O secretário de Estado espera que seja “uma questão de semanas” até que o processo do leilão 5G esteja encerrado e sublinhou que a agenda digital “não se cinge” ao tema da quinta geração. André de Aragão Azevedo admitiu que “naturalmente (…) há uma correlação direta entre a disponibilização do 5G e o acelerar” da agenda digital portuguesa. No entanto, “a agenda digital não se cinge ao tema do 5G”, sublinhou o governante.

“Nós conseguimos, à data desta segunda-feira, com o nível de maturidade, por exemplo, que o 4G tem com aquilo que é também a maturidade das aplicações, das soluções desenvolvidas em cima de 5G, eu não diria que esse é um fator que é inibitório de nós podermos continuar a ser um país de referência em matéria de transição digital”, prosseguiu.

No entanto, “naturalmente que não termos essa dimensão [5G] nos pode a prazo condicionar em termos de agenda digital”, referiu. “O que eu gostaria, em particular, é que, de facto, o processo terminasse tão rápido quanto possível para que possamos disponibilizar ao mercado” a quinta geração, acrescentou André de Aragão Azevedo. O secretário de Estado para a Transição Digital referiu que já há vários exemplos no 5G, com vários pilotos e várias empresas a publicitar, inclusivamente, ofertas comerciais nesta área.

“Acho que será uma questão de semanas até que nós tenhamos este processo encerrado, mas temos um ecossistema que está muito condicionado por aquilo também que é o papel do regulador que nesta matéria tem sido soberano e é ele que lhe cabe a coordenação do processo e, portanto, eu não gostaria, uma vez que é um regulador independente, de fazer mais comentários sobre o processo”, rematou.

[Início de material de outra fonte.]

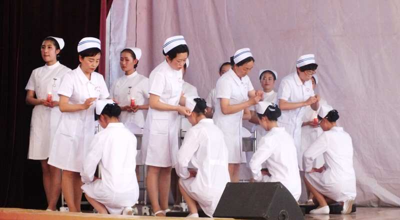 為繼承和弘揚南丁格爾精神,積極推動護(hù)理專業(yè)人才建設(shè)和職業(yè)內(nèi)涵塑造,展示我院護(hù)理專業(yè)師生風(fēng)采,在第106個國際護(hù)士節(jié)來臨之際,學(xué)院于5月12日下午在大禮堂隆重舉辦了慶祝國際護(hù)士節(jié)活動,武威市衛(wèi)生計生委副主任潘玉華、學(xué)院黨委副書記趙明、紀(jì)委書記張富國、副院長王永緒、直屬附屬醫(yī)院護(hù)理部主任、相關(guān)處室領(lǐng)導(dǎo)及護(hù)理系全體師生1200余人參與了本次活動?;顒影ㄗo(hù)士授帽儀式,護(hù)理實踐技能操作表演,第四屆護(hù)理技能大賽頒獎,慶祝“5.12”護(hù)士節(jié)文藝演出等內(nèi)容。
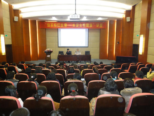 为庆祝 “三八”国际劳动妇女节,增强女教职工的自我保健意识,3月4日下午,校工会、校女职工委员会在仙林校区行政楼一楼报告厅联合举办了“情系粉红丝带-女性健康保健”讲座。东南大学附属中大医院外科副主任医生,外科专科乳腺病专家张亚男副教授担任讲座的主讲。张亚男副教授从1984年开始从事临床工作,擅长乳腺、甲状腺疾病,腹外疝及胃肠道肿瘤的诊治,尤其是在保留乳房的乳癌根治术及乳腺癌Ⅰ期手术再造术等方面,有着丰富的临床经验。本次讲座张亚男副教授以“女性乳腺疾病的预防与诊治”为主题,深入浅出,图文并茂,为参加活动的女教师、女学生上了一堂生动的女性保健知识课,增强了大家对乳腺疾病的早预防、早发现、早治疗的自我保健意识。讲座由校女教职工委员会副主任吴苏旦主持,近100名女教工和女学生参加听讲。

A licitação principal do leilão 5G segue esta segunda-feira para o seu 110.º dia, depois de na sexta-feira ter encerrado com propostas de 323,8 milhões de euros.

Se o leilão principal, que dura há mais de cinco meses (arrancou em 14 de janeiro) e era esperado terminar até final do primeiro trimestre, tivesse ficado concluído no final da semana passada, o Estado teria arrecadado mais de 408 milhões de euros (valor que inclui a licitação dos novos entrantes de 84,3 milhões de euros), muito acima do montante indicativo de 237,9 milhões de euros.

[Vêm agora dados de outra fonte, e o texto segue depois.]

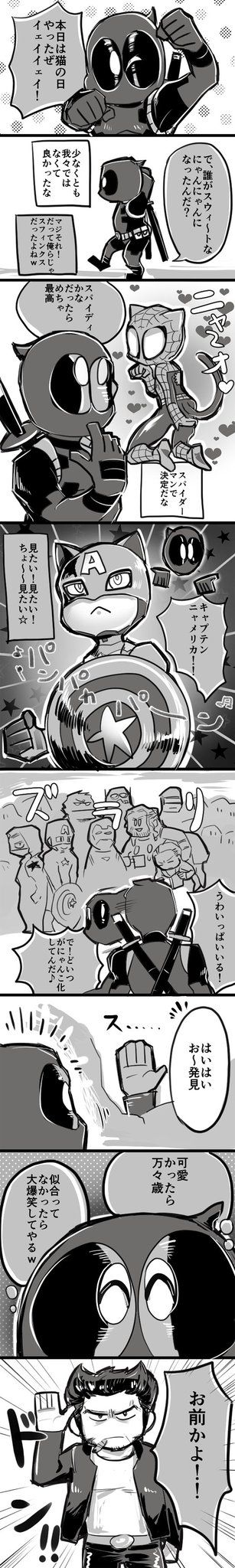 151 281 デッドプールで猫の日漫画描いたよ。割とMarveキャラがいっぱい出せて楽しかった。 #猫の日 #Deadpool #デッドプール 16/02/23 19:51

No final de março, os serviços comerciais de 5G (quinta geração) estavam já disponíveis em 24 países da UE a 27, sendo que Portugal, cuja presidência da União Europeia termina este mês, ainda não tem.

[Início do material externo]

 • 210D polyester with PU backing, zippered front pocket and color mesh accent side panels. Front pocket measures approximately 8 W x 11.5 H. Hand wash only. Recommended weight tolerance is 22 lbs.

A atribuição das licenças 5G esteve prevista para o primeiro trimestre, tendo em 08 de abril a Autoridade Nacional de Comunicações (Anacom) anunciado a decisão de um procedimento de alteração do respetivo regulamento para acelerar o leilão, o que foi amplamente criticado pelos operadores históricos.

Entretanto, o regulador aprovou no dia 31 de maio um projeto de alteração do regulamento do leilão 5G, de forma a acelerar o processo, tornando viável a realização de 12 rondas diárias, o que também está a ser alvo de contestação dos operadores.

O processo tem sido bastante contestado pelas operadoras históricas, envolvendo processos judiciais, providências cautelares e queixas a Bruxelas, considerando que o regulamento tem medidas “ilegais” e “discriminatórias”, o que incentiva ao desinvestimento.